One reliable indication that big-think substance may be gaining traction is that the corporate Democrats feel the need to attack it. The last thing the Democratic Leadership Council wants is a nominee offering meaningful reform. So its agitprop spokesmen, Al From and Bruce Reed, trot out a warning memo, deriding Gephardt's bold stroke as a dangerous symptom of the old "pander virus"--that is, telling people what they want to hear--and advising other candidates to pay no attention to those "activist elites" pushing for a bolder agenda. The DLC's preferred candidate, Senator Joe Lieberman, certainly embraces that strategy, but can you imagine Karl Rove warning Bush about offering big ideas or telling people what they want to hear?
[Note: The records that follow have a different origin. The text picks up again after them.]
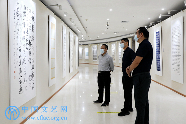 8月30日,“太湖风——无锡市书协成立四十周年作品展”在北京中国文艺家之家展览馆开幕。图为展览现场。 中国文艺网 高森 摄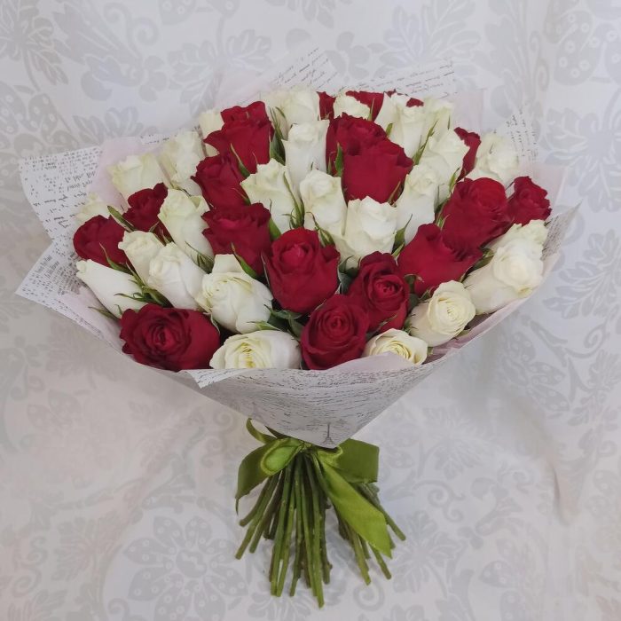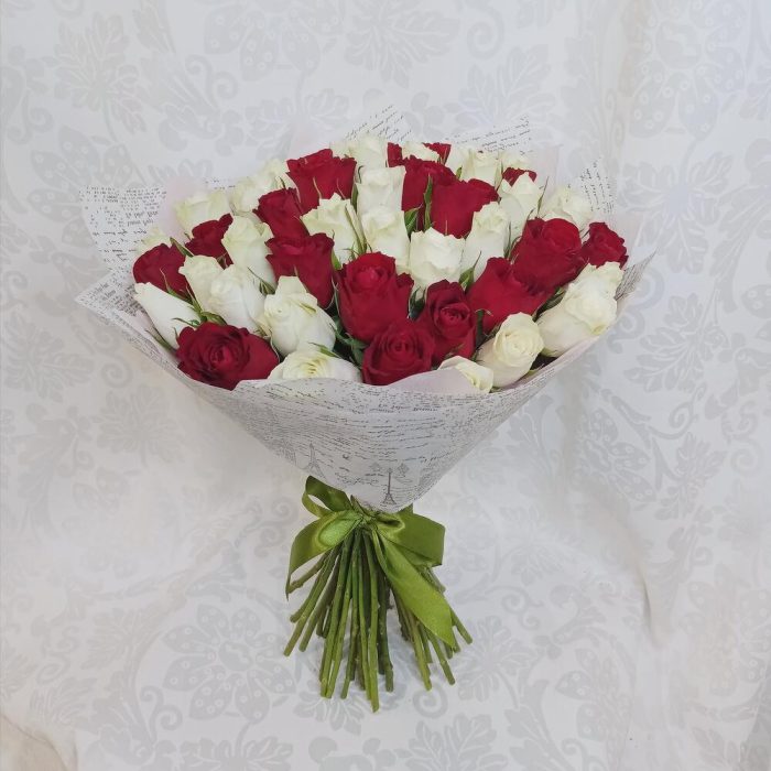 Букет из 51 розы красно-белый микс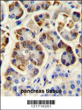 KCNJ6 Antibody (Center) (Cat. AMM06130G) immunohistochemistry analysis in formalin fixed and paraffin embedded human pancreas tissue followed by peroxidase conjugation of the secondary antibody and DAB staining. This data demonstrates the use of the KCNJ6 Antibody (Center) for immunohistochemistry. Clinical relevance has not been evaluated.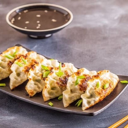 Massa tradicional chinesa fininha (feita à base de farinha, sal e água) recheada com lombo e legumes, finalizada. Acompanha molho. O preparo fica a sua escolha: grelhado ou a vapor.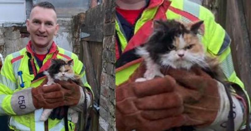 Firefighters save cat trapped between walls — grumpy cat doesn’t look happy about it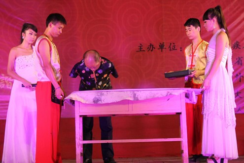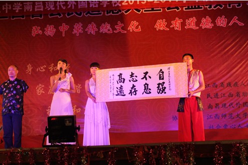 演出中,校長(zhǎng)涂序健上臺(tái)接受了“心靈之聲”藝術(shù)團(tuán)贈(zèng)送的墨寶《志存高遠(yuǎn)》,并代表全校師生對(duì)參加表演的殘疾演員表示衷心的感謝并致以崇高的敬意。

If Democrats want to be taken seriously, candidates will commit themselves to an open convention on the party's platform--lively debates, regional hearings and floor fights that enrich the party's vision of the future, even if some planks are beyond the reach of immediate fulfillment. Former Senator Fred Harris suggests his party borrow Goldwater's old slogan--"a choice, not an echo"--and create the mechanisms to develop policy differences such as a national policy council and grassroots discussion groups ("Paul Wellstone clubs") to carry the debates forward. Many leading Dems will shrink from the prospect of open, raucous disagreements. We hope the "vision primary" will weed them out.